# [Given information]
_ _ _

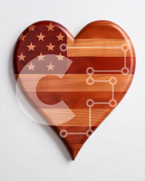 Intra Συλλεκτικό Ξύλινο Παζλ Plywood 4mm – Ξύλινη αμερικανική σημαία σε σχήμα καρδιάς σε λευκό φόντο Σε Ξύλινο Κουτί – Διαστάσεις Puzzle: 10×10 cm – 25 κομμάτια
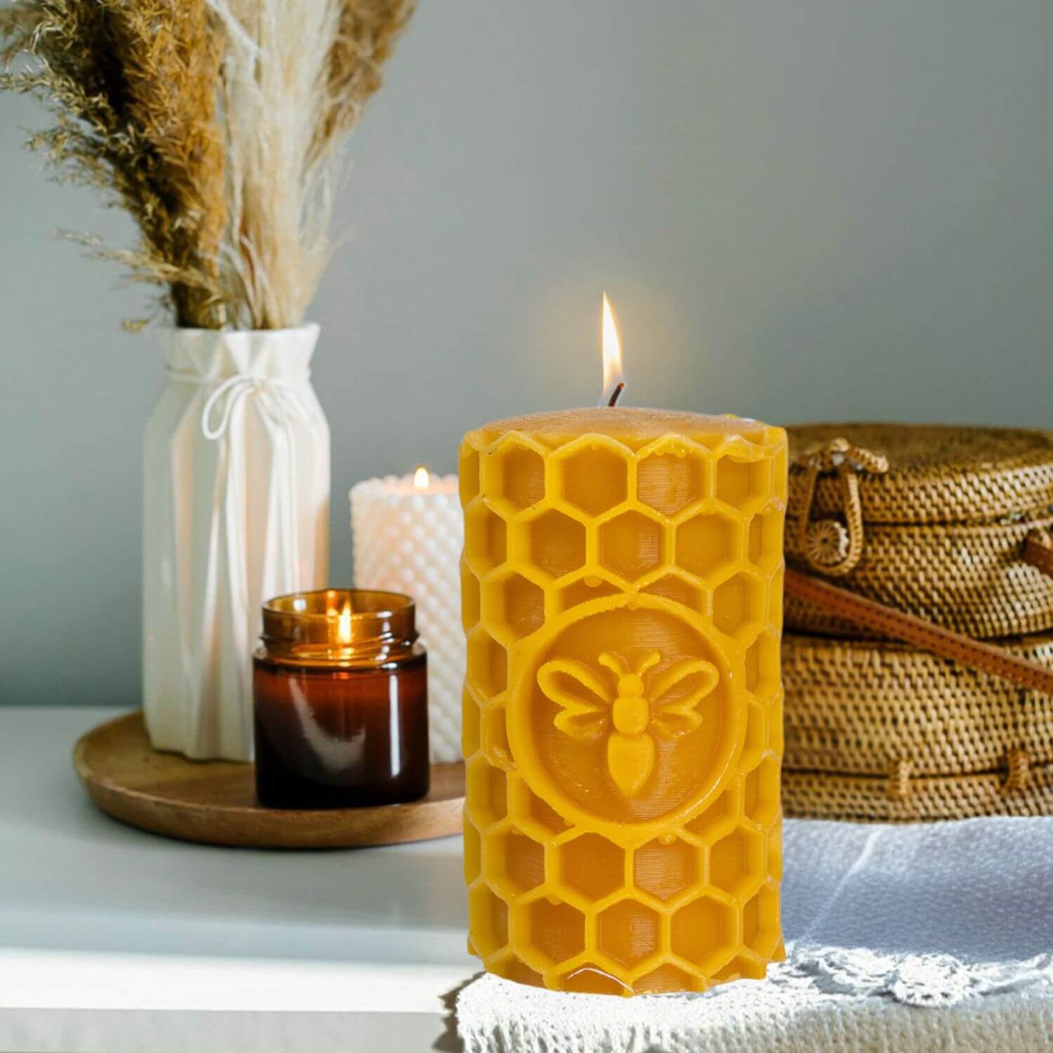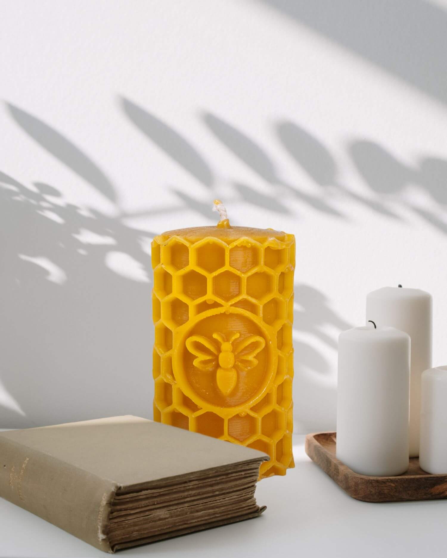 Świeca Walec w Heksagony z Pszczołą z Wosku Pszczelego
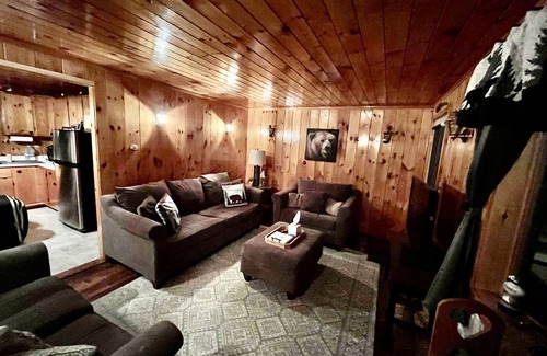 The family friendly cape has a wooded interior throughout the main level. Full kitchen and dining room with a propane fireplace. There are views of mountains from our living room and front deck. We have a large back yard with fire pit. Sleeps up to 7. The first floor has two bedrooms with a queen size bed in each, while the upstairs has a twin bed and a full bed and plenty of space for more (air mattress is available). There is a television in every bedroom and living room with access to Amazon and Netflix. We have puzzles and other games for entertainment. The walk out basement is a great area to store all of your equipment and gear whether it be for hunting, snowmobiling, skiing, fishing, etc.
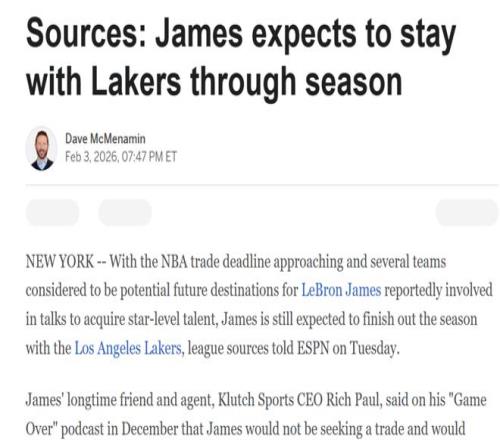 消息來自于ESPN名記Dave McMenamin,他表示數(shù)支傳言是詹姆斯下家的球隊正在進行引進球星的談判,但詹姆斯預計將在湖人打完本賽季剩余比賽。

_ _ _

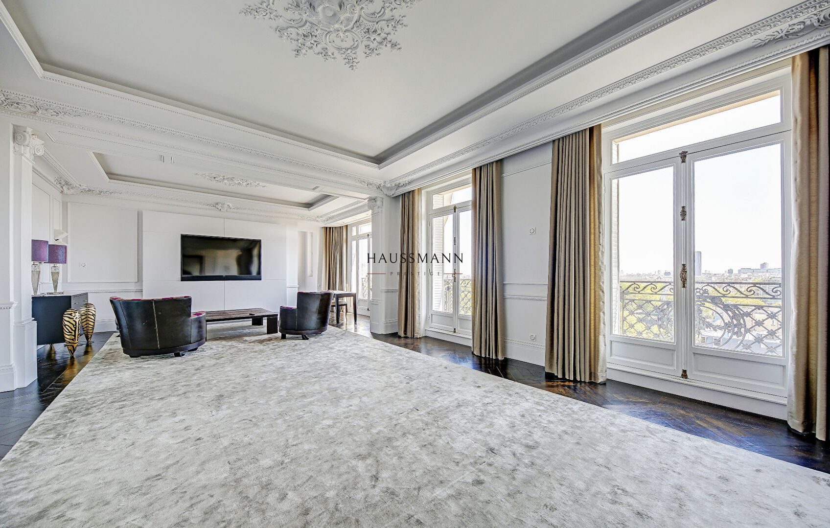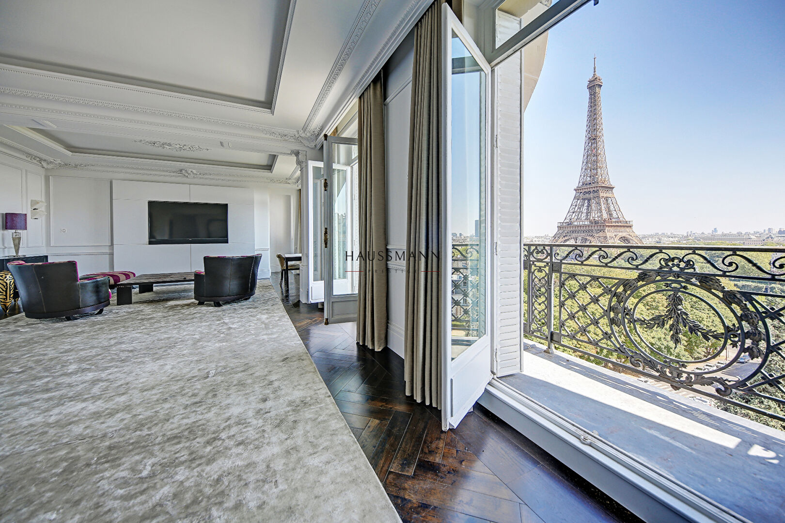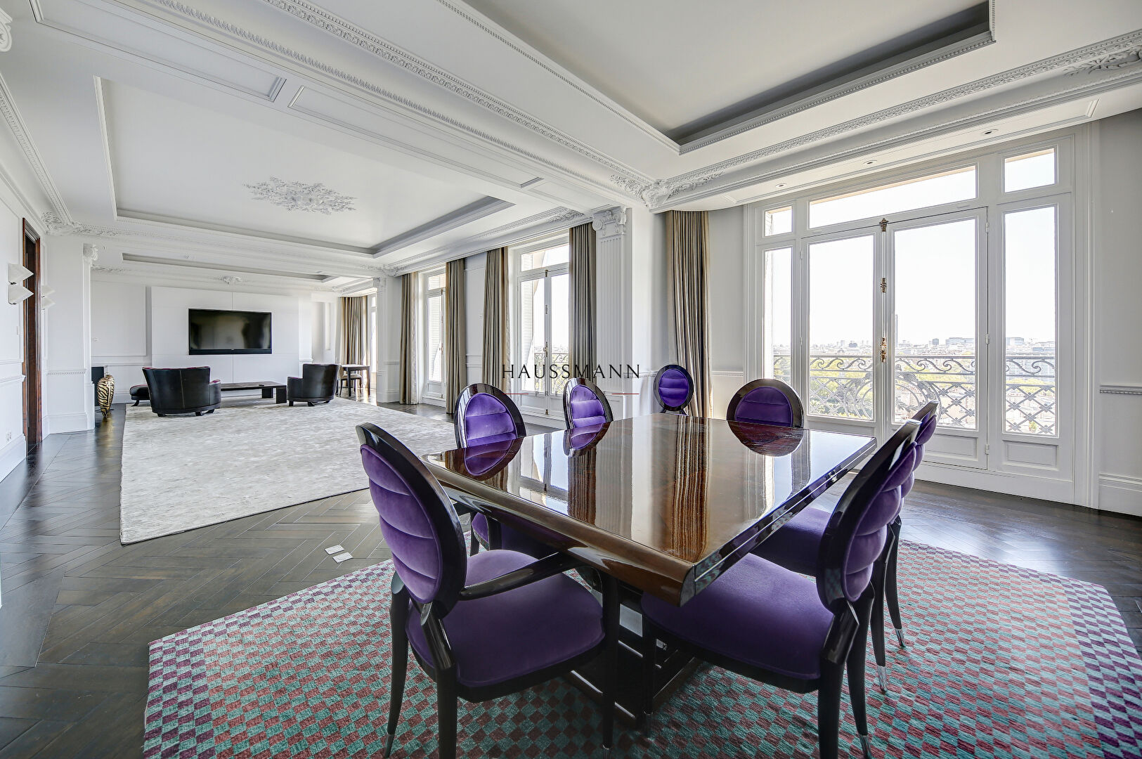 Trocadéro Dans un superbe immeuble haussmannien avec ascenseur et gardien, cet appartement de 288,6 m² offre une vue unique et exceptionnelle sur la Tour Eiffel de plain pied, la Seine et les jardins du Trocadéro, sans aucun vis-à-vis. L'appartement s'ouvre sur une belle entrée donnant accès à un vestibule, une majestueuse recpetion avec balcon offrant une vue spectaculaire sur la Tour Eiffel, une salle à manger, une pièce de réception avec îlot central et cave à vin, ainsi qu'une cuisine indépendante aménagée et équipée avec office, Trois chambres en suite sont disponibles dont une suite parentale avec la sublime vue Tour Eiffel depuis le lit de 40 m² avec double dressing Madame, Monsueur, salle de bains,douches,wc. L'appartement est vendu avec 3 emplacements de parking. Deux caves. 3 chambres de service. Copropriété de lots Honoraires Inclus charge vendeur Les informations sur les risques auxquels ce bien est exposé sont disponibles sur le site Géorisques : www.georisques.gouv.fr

_ _ _

# [Your objective]
Print, word for word, the lines above that run from the line containing "Intra Συλλεκτικό Ξύλινο" to the line containing "消息來自于ESPN名記Dav", both included. Keep the pictures out.

# [Answer area]
 Intra Συλλεκτικό Ξύλινο Παζλ Plywood 4mm – Ξύλινη αμερικανική σημαία σε σχήμα καρδιάς σε λευκό φόντο Σε Ξύλινο Κουτί – Διαστάσεις Puzzle: 10×10 cm – 25 κομμάτια
 Świeca Walec w Heksagony z Pszczołą z Wosku Pszczelego
 The family friendly cape has a wooded interior throughout the main level. Full kitchen and dining room with a propane fireplace. There are views of mountains from our living room and front deck. We have a large back yard with fire pit. Sleeps up to 7. The first floor has two bedrooms with a queen size bed in each, while the upstairs has a twin bed and a full bed and plenty of space for more (air mattress is available). There is a television in every bedroom and living room with access to Amazon and Netflix. We have puzzles and other games for entertainment. The walk out basement is a great area to store all of your equipment and gear whether it be for hunting, snowmobiling, skiing, fishing, etc.
 消息來自于ESPN名記Dave McMenamin,他表示數(shù)支傳言是詹姆斯下家的球隊正在進行引進球星的談判,但詹姆斯預計將在湖人打完本賽季剩余比賽。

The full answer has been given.